> [WHAT IS NEEDED]
What you return should match every record exactly, with the images removed.
:: SUPPLIED MATERIAL
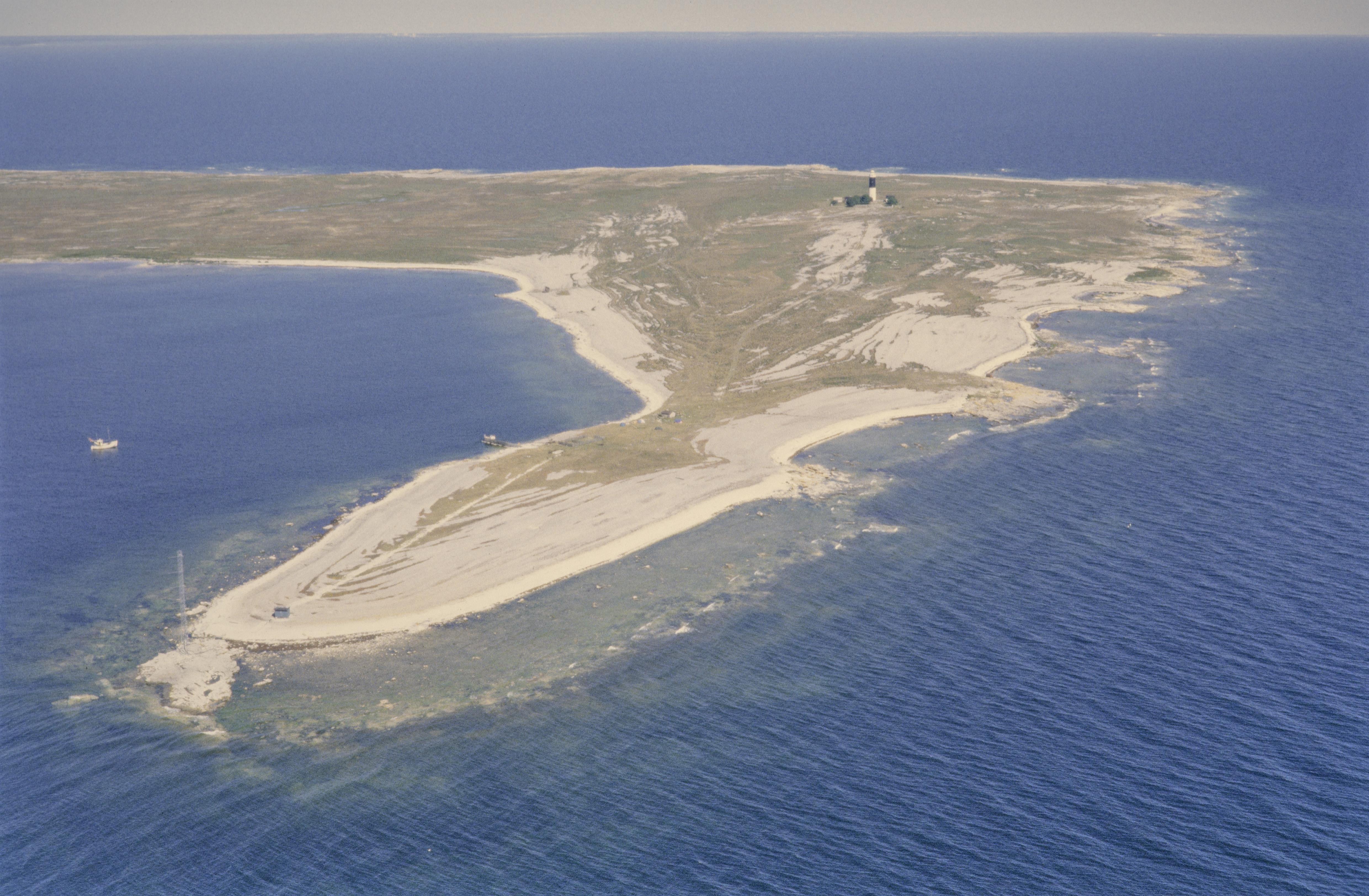Beskrivning: Ön Östergarnsholm. På ön finns fyra fyrar, två är gamla och inte i bruk. Över bildens mitt Östergarns nya fyr (de andra tre syns inte i bilden). Vid fyren röse och stensättningar RAÄnr Östergarn 21:1, 25:1, 104:1 m.fl. Bilden är tagen mot (väderstreck): NNV
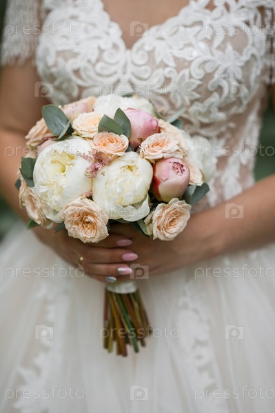 Свадебный нежный букет пионов и бутонов в руках невесты
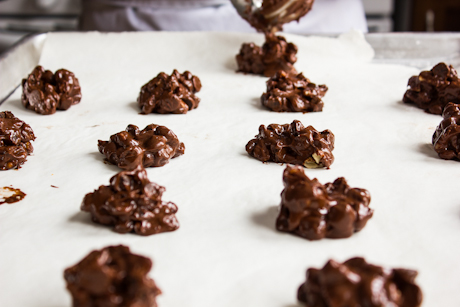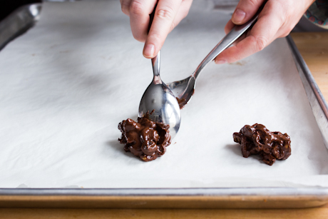 7. Drop cookies by heaping spoonfuls onto a prepared baking sheet, about 2 inches (5 cm) apart. Bake for 11-14 minutes and cool on wire racks. Makes 24 cookies.
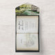 Ce joli design mariage de style vintage présente une peinture vintage d'un château au bord de la rivière, à la fois comme illustration sur la RSVP détachable, ainsi qu'une belle pièce de wraparound. L'écriture élégante se penche sur la beauté du conte de fées, créant une faire-part de mariage mémorable et unique.
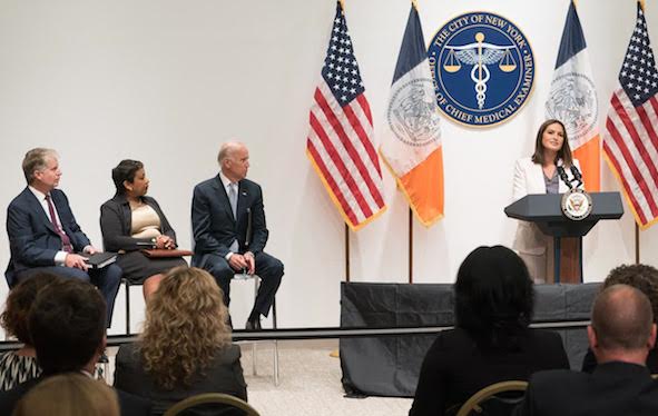 Thank you DA Vance for that very generous introduction and for your deep commitment to this issue. I have to say, I don’t often get starstruck, but standing up here today—wow. I am starstruck. Why am I starstruck? Because I’m standing with leaders. One thing about leaders: they have vision. They hold out a vision for people to follow, to buy into, to believe in. You can read that in any book on leadership.
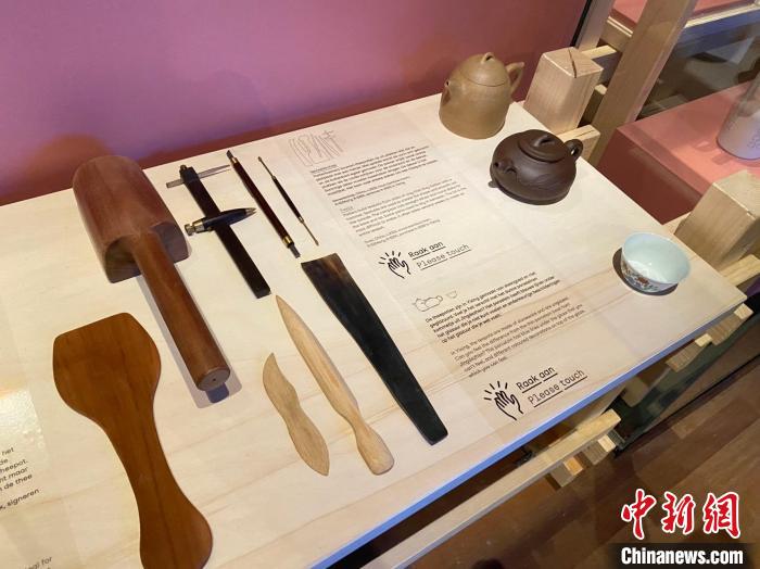 荷蘭世界博物館內(nèi)展出的紫砂壺和制作工具。(受訪者供圖)
::::
> [SOLUTION TO THIS PROBLEM]
Beskrivning: Ön Östergarnsholm. På ön finns fyra fyrar, två är gamla och inte i bruk. Över bildens mitt Östergarns nya fyr (de andra tre syns inte i bilden). Vid fyren röse och stensättningar RAÄnr Östergarn 21:1, 25:1, 104:1 m.fl. Bilden är tagen mot (väderstreck): NNV
 Свадебный нежный букет пионов и бутонов в руках невесты
 7. Drop cookies by heaping spoonfuls onto a prepared baking sheet, about 2 inches (5 cm) apart. Bake for 11-14 minutes and cool on wire racks. Makes 24 cookies.
 Ce joli design mariage de style vintage présente une peinture vintage d'un château au bord de la rivière, à la fois comme illustration sur la RSVP détachable, ainsi qu'une belle pièce de wraparound. L'écriture élégante se penche sur la beauté du conte de fées, créant une faire-part de mariage mémorable et unique.
 Thank you DA Vance for that very generous introduction and for your deep commitment to this issue. I have to say, I don’t often get starstruck, but standing up here today—wow. I am starstruck. Why am I starstruck? Because I’m standing with leaders. One thing about leaders: they have vision. They hold out a vision for people to follow, to buy into, to believe in. You can read that in any book on leadership.
 荷蘭世界博物館內(nèi)展出的紫砂壺和制作工具。(受訪者供圖)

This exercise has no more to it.